Enforcement is going to be the big issue, I think. Seems like a lot of places might fly under the radar for a long time because they specifically target underinformed consumers. If no one is likely to report it happening, they can make a lot of money before they get caught.

Last edited 5 months ago by Drew
HowDoYouCrash
HowDoYouCrash
5 months ago
Reply to  Drew

I think you’re missing the level of casual sociopathy that is normalized at even large corp owned stores. There is a very specific sales pipeline that makes no sense for anything but these car dealers. You talk to a sales guy, he offers you a price, this price comes with a ton of surprise markups over sticker or whatever number you agreed to. Then he kicks is back to his finance manger for another look, comes back with another bullshit number, and you do this for awhile to get all the extras stripped away.

It won’t take long for your average corporate Nissan dealer to mess up, and get busted by the state AG. At least here in Washington and Oregon I don’t think enforcement will be as much of an issue as somewhere where the dealer lobby has a tighter grip on state politics.

Drew
Drew
5 months ago
Reply to  HowDoYouCrash

That’s probably true, at least in states that proactively enforce. But I still think there’s going to be a significant number of dealers who get by with it for some time just because most of their buyers won’t even know they could report the practices, much less how to do so.

I also fear that there’s a lot of room for behaviors to differ based on whether they think they’re dealing with an informed customer. Bilingual lots doing worse for Spanish-speaking customers who are less likely to have read up on this, for example. Hopefully, there will be significant attempts to catch this sort of behavior.

I really can’t wait for the big chain lots to start getting caught pulling crap, though, and they certainly will. Because you are right that it’s entirely normalized and expected.

Canopysaurus
Canopysaurus
5 months ago
Reply to  Drew

If the dealers don’t like the rules then tell them fine, we’re going to eliminate the laws that prohibit direct to customer sales by car manufacturers (unless you’re Tesla). That should make everyone happy.

Mark Tucker
Mark Tucker
5 months ago
Reply to  Drew

Enforcement is easy; just require salespeole to wear a shock collar during negotiations. Customer gets control of the button. Every time they start to pull that shit, zap ’em.

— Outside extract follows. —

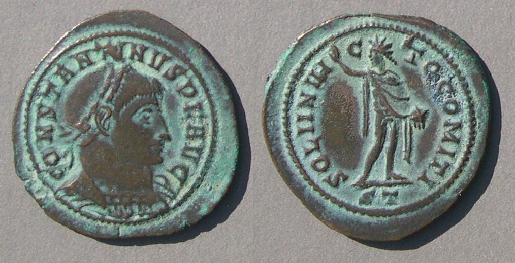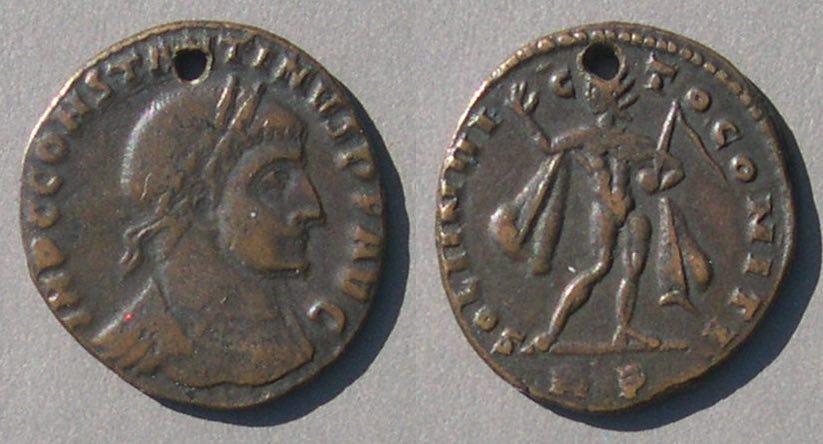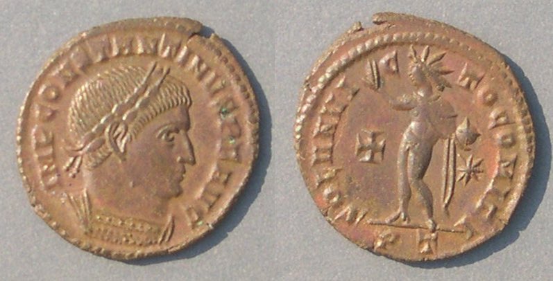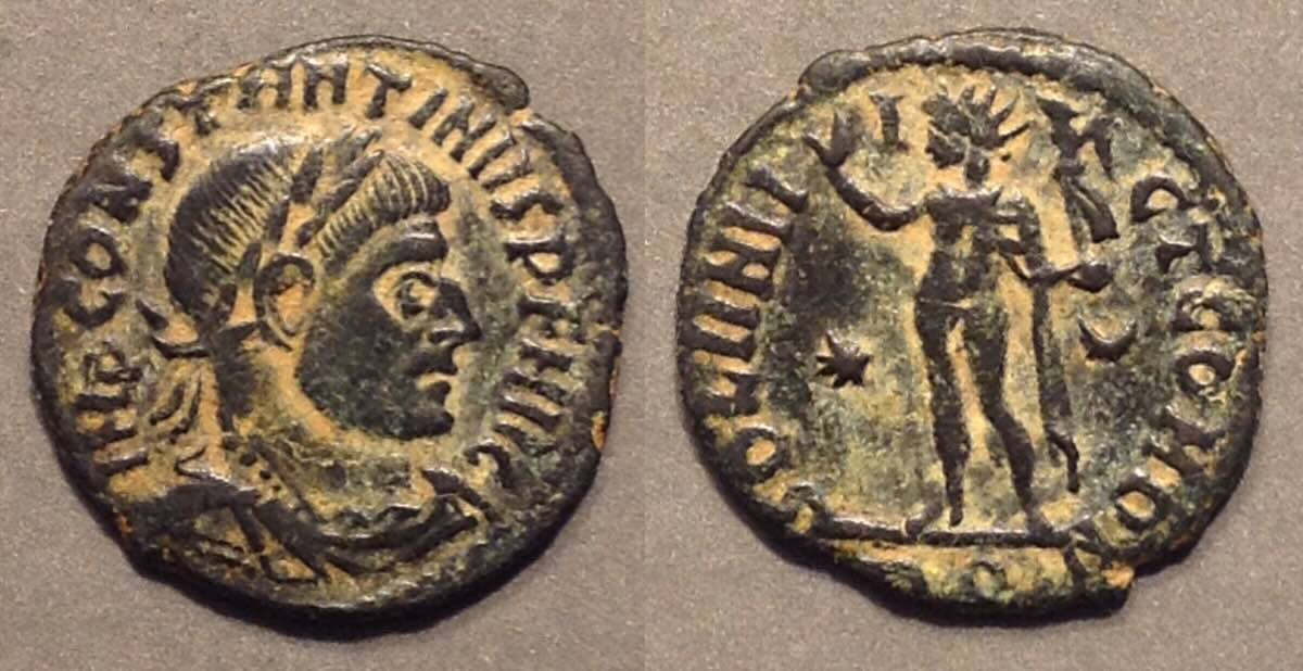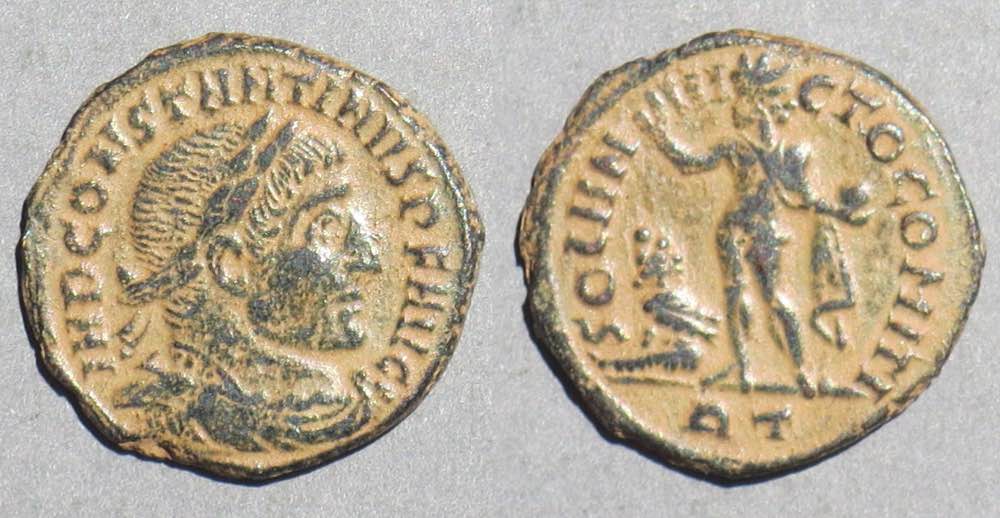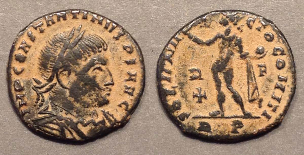 The square cross in the left field is a control mark, but, because of its Christian connection and the fact Constantine was the first Christian emperor, the cross is so important that it makes a very significant variety. It is worth five or ten times as much as the type without the cross. It is the first Roman AE type (variety?) with a Christian connection.

Last edited 5 months ago by Mark Tucker
Balloondoggle
Balloondoggle
5 months ago
Reply to  Drew

I wonder if a “reputable dealer” could improve their reputation and sales by advertising that they comply with the new rules? I can picture a whole campaign around “we won’t screw you and here’s the proof”.

Drew
Drew
5 months ago
Reply to  Balloondoggle

I could see that working.
“Look, we already follow these rules that they have to force other dealers to follow.”

That said, the dealer that can accurately report that they do well beyond these bare minimums is the dealer I want to work with.

TheHairyNug
TheHairyNug
5 months ago

I wonder how many more traditional car enthusiast websites are going to be littered with comments along the lines of “well, if you’re dumb enough to sign on the line…” The resistance to consumer protection is really bizarre to me

Mike B
Mike B
5 months ago
Reply to  TheHairyNug

There’s such an odd trend of victim blaming when it comes to things like this. Or most things, really.

DadBod
DadBod
5 months ago
Reply to  Mike B

I would wager the people victim blaming are the same people who want to strip funding for public schools. Because everyone should be born with financial literacy!

Torque
Torque
5 months ago
Reply to  DadBod

While I think teaching financial literacy Should be a Basic Requirement to pass high school and I really do think it would have a net positive impact, I know of No public schools in Any state (in the US at least*) that even Attempts to teach personal financial literacy basics.

As.an example:
Say you want to be a writer, well while I personally love math; trig. or Calc. may not be entirely important to you…
On the other hand after HS, Everyone will need to know the basics of personal finance.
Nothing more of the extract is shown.